About this task:
Without the pictures, copy all of the data exactly.

[Data items]
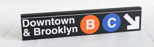 Më tregon se duke zbritur shkallët djathtas (sipas drejtimit të shigjetës të kthyer nga poshtë) do të arrij në platformën që u shërben linjave B dhe C, në drejtimin Downtown & Brooklyn (drejtimi i kundërt do të ishte Uptown & Manhattan). Ngjyrat – portokalli për B-në dhe blu për C-në nuk sjellin këtu ndonjë informacion esencial, por shërbejnë si kontekst dhe orientojnë në sfond (kodi i ngjyrave shërben për identifikimin e llojeve të linjave); sikurse më tregon, teorikisht, se drejtimi i treguar nga shigjeta nuk do të më çojë te asnjë nga linjat e tjera të metrosë së NYC, veç atyre të dyjave.
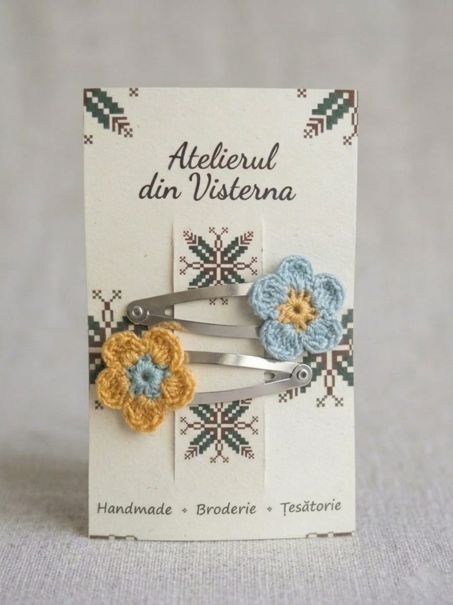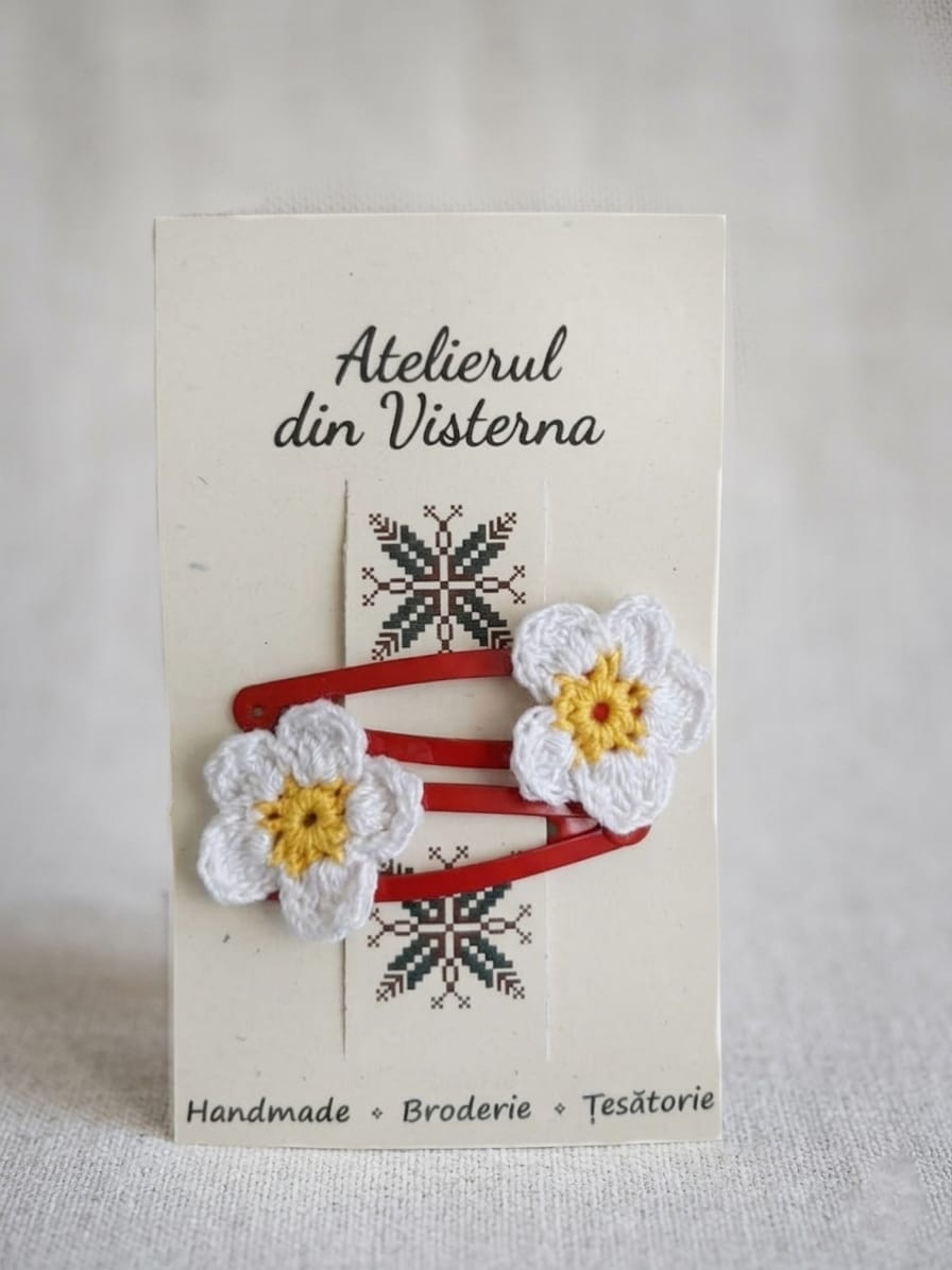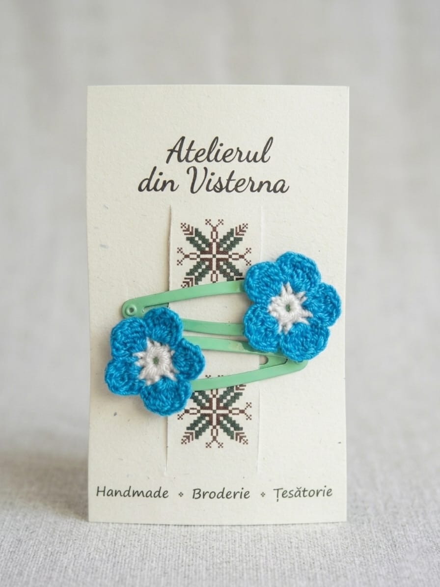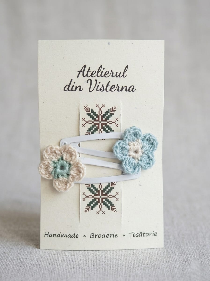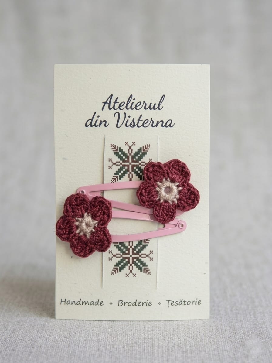 • Realizată handmade: Fiecare agrafă este realizată manual cu atenție, prin croșetare și lipire, oferind unicitate și calitate superioară.
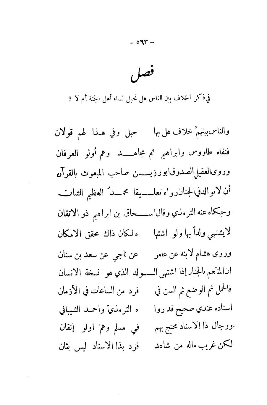 فصل فِي ذكر الْخلاف بَين النَّاس هَل تحبل نسَاء أهل الْجنَّة أم لَا ... وَالنَّاس بَينهم خلاف هَل بهَا ... حَبل وَفِي هَذَا لَهُم قَولَانِ
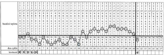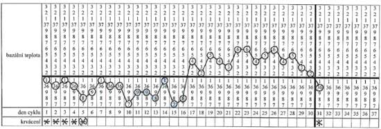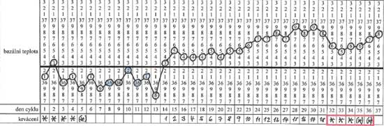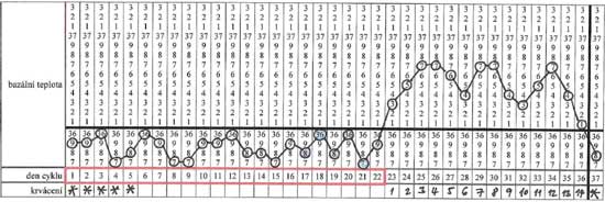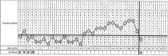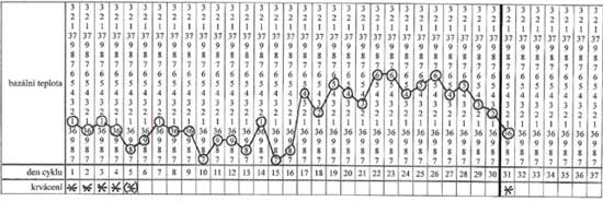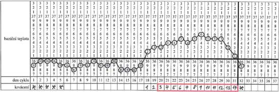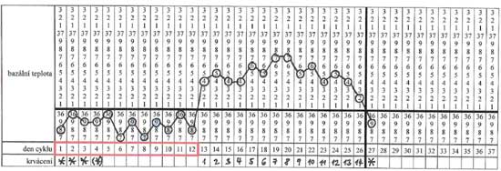 Pravidlo třetího dne vyšších teplot: od večera třetího dne luteální fáze je žena neplodná až do nástupu menstruace.
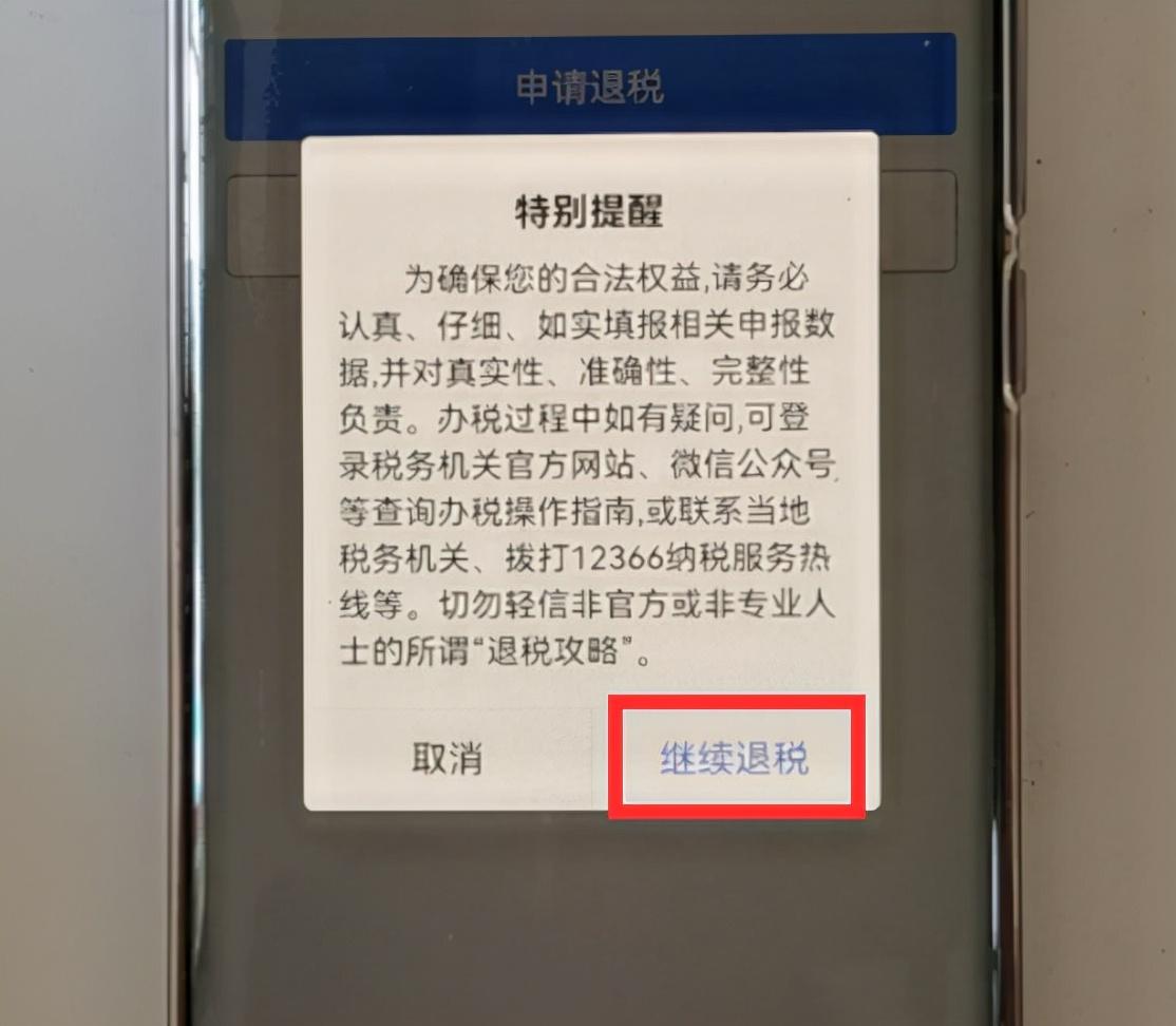 在弹出的窗口中点击“继续退税”按钮,就完成了提交申请。然后就是等税务机关把税款退还给我们了。
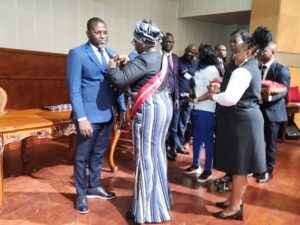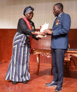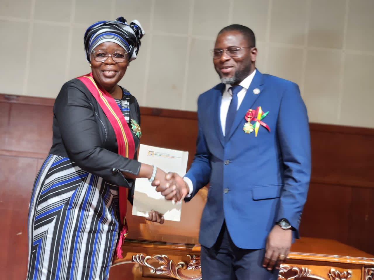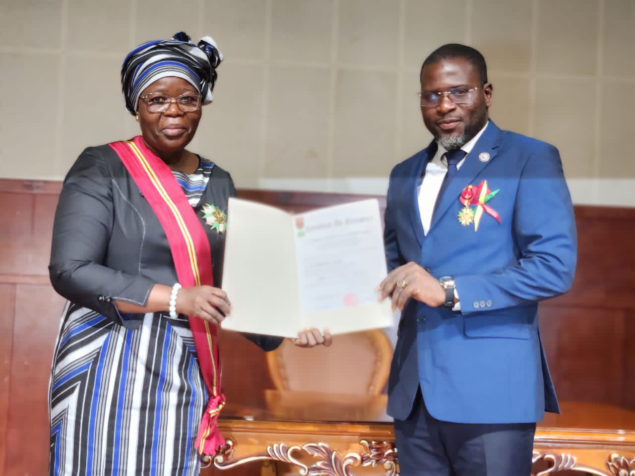 Cette distinction a été décernée à l’occasion de la cérémonie de décoration des maires de la mandature 2020–2025, en reconnaissance des services rendus à la Nation. Elle lui a été remise par Madame Mariam Chabi Talata Zimé Yerima, Vice-Présidente de la République et Grande Chancelière des Ordres Nationaux.

Answer below:
 Më tregon se duke zbritur shkallët djathtas (sipas drejtimit të shigjetës të kthyer nga poshtë) do të arrij në platformën që u shërben linjave B dhe C, në drejtimin Downtown & Brooklyn (drejtimi i kundërt do të ishte Uptown & Manhattan). Ngjyrat – portokalli për B-në dhe blu për C-në nuk sjellin këtu ndonjë informacion esencial, por shërbejnë si kontekst dhe orientojnë në sfond (kodi i ngjyrave shërben për identifikimin e llojeve të linjave); sikurse më tregon, teorikisht, se drejtimi i treguar nga shigjeta nuk do të më çojë te asnjë nga linjat e tjera të metrosë së NYC, veç atyre të dyjave.
 • Realizată handmade: Fiecare agrafă este realizată manual cu atenție, prin croșetare și lipire, oferind unicitate și calitate superioară.
 فصل فِي ذكر الْخلاف بَين النَّاس هَل تحبل نسَاء أهل الْجنَّة أم لَا ... وَالنَّاس بَينهم خلاف هَل بهَا ... حَبل وَفِي هَذَا لَهُم قَولَانِ
 Pravidlo třetího dne vyšších teplot: od večera třetího dne luteální fáze je žena neplodná až do nástupu menstruace.
 在弹出的窗口中点击“继续退税”按钮,就完成了提交申请。然后就是等税务机关把税款退还给我们了。
 Cette distinction a été décernée à l’occasion de la cérémonie de décoration des maires de la mandature 2020–2025, en reconnaissance des services rendus à la Nation. Elle lui a été remise par Madame Mariam Chabi Talata Zimé Yerima, Vice-Présidente de la République et Grande Chancelière des Ordres Nationaux.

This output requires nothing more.